- Born: Ann Juliet Dorothea Maud Wentworth-Fitzwilliam 24 January 1935 (age 91) London, England
- Education: University of Oxford (MFA)
- Spouses: ; Victor Hervey, 6th Marquess of Bristol ​ ​(m. 1960; div. 1972)​ ; Somerset de Chair ​ ​(m. 1974; died 1995)​ ; Christopher Tadgell ​ ​(m. 1997)​
- Children: Lord Nicholas Hervey Lady Anne Hervey Helena, Lady Rees-Mogg
- Parent(s): Peter Wentworth-Fitzwilliam, 8th Earl Fitzwilliam Olive Dorothea Plunket

= Lady Juliet Tadgell =

British heiress

Lady Ann Juliet Dorothea Maud Tadgell (née Wentworth-Fitzwilliam; born 24 January 1935), previously Marchioness of Bristol, is a British heiress, race horse breeder, and landowner. She consistently appears on the Sunday Times Rich List with an estimated net worth of £45 million, based on family assets she inherited in 1948.
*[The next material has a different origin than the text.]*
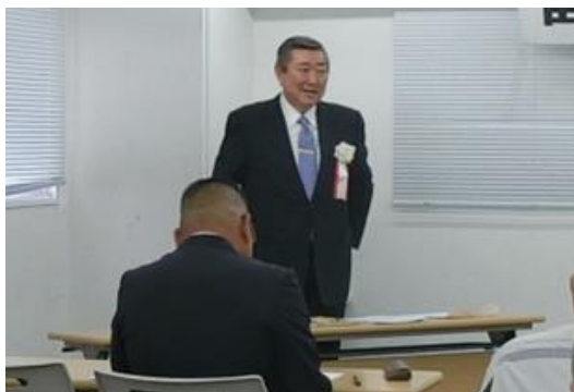
横浜建設業協会 山谷会長 祝辞

==Early life and education==
Lady Juliet was born to Peter Wentworth-Fitzwilliam, Viscount Milton, the only son of the 7th Earl Fitzwilliam, and his wife, Olive Plunket.

In 1943, when she was eight, her father inherited the title of Earl Fitzwilliam, and she became Lady Juliet. By this time, her parents' marriage was strained, and there was talk of divorce. In 1948, Earl Fitzwilliam died in a plane crash in France with his lover, Kathleen Cavendish, Marchioness of Hartington, the widow of the heir to the Dukedom of Devonshire and a sister of the future U. S. President John F. Kennedy. As her father's only child, Lady Juliet, still aged only thirteen, inherited his whole unentailed estate and his huge art collection. The following year, she and her mother left the vast stately home of Wentworth Woodhouse in South Yorkshire, and most of its contents were sold.
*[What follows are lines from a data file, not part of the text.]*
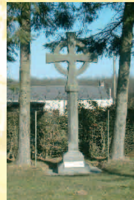
Croix d'Occis de la Fiacrie à Momignies Kruis van « Occis de la Fiacrie » in Momignies
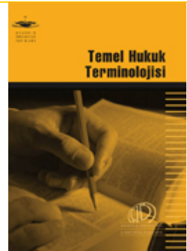
Temel Hukuk Terminolojisi, Anadolu Üniversitesi Yayınları, 2008.

Temel Hukuk Terminolojisi, hukuk kurallarının özellikleri, kaynakları ve hukukun temel kavramları konularında, uzaktan öğretim kapsamında, hukuk hakkında yeterli bilgiye sahip olmayan öğrencilerimize genel bilgiler vermeyi amaçlamaktadır.
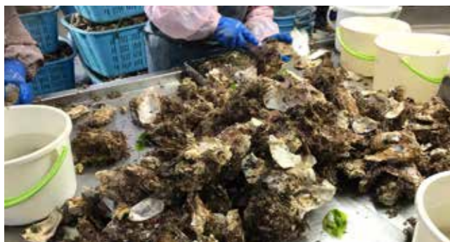
貝毒検査が義務付けられているカキ

問 書かない窓口システムとはどのような事業か。 答 窓口でマイナンバーカードや運転免許証を読み取ることで、氏名や住所などの情報が自動入力され、各種申請書への記入が不要となる。また、自宅などからスマートフォンを使って事前に申請書を作成できるようにする。なお、従来の手書きによる申請書についても引き続き設置する。

Lady Juliet holds a Master of Fine Arts degree from the University of Oxford.

==Marriages and family life==
In 1960, Lady Juliet married Victor Hervey, 6th Marquess of Bristol, twenty years her senior, eighteen days after he inherited peerages and estates on his father's death. He had been divorced the previous year and in his twenties had been made bankrupt, declared the "No.1 Playboy of Mayfair", and gaoled for a drunken dare jewel robbery. The couple had two children:

- Lord Nicholas Hervey (26 November 1961 – 26 January 1998)
- Lady Anne Hervey (26 February 1965), stillborn

The couple separated in 1965 and divorced in 1972.

In 1974, she married Somerset de Chair, who was a former Conservative Member of Parliament for South West Norfolk and Paddington South. The couple had one child:

- Helena Anne Beatrice Wentworth Fitzwilliam de Chair (born October 1977), who became a writer for an oil industry trade magazine. She married the Rt Hon. Sir Jacob Rees-Mogg, future Conservative politician and son of former Times editor Lord Rees-Mogg, on 13 January 2007 at Canterbury Cathedral. They have six children.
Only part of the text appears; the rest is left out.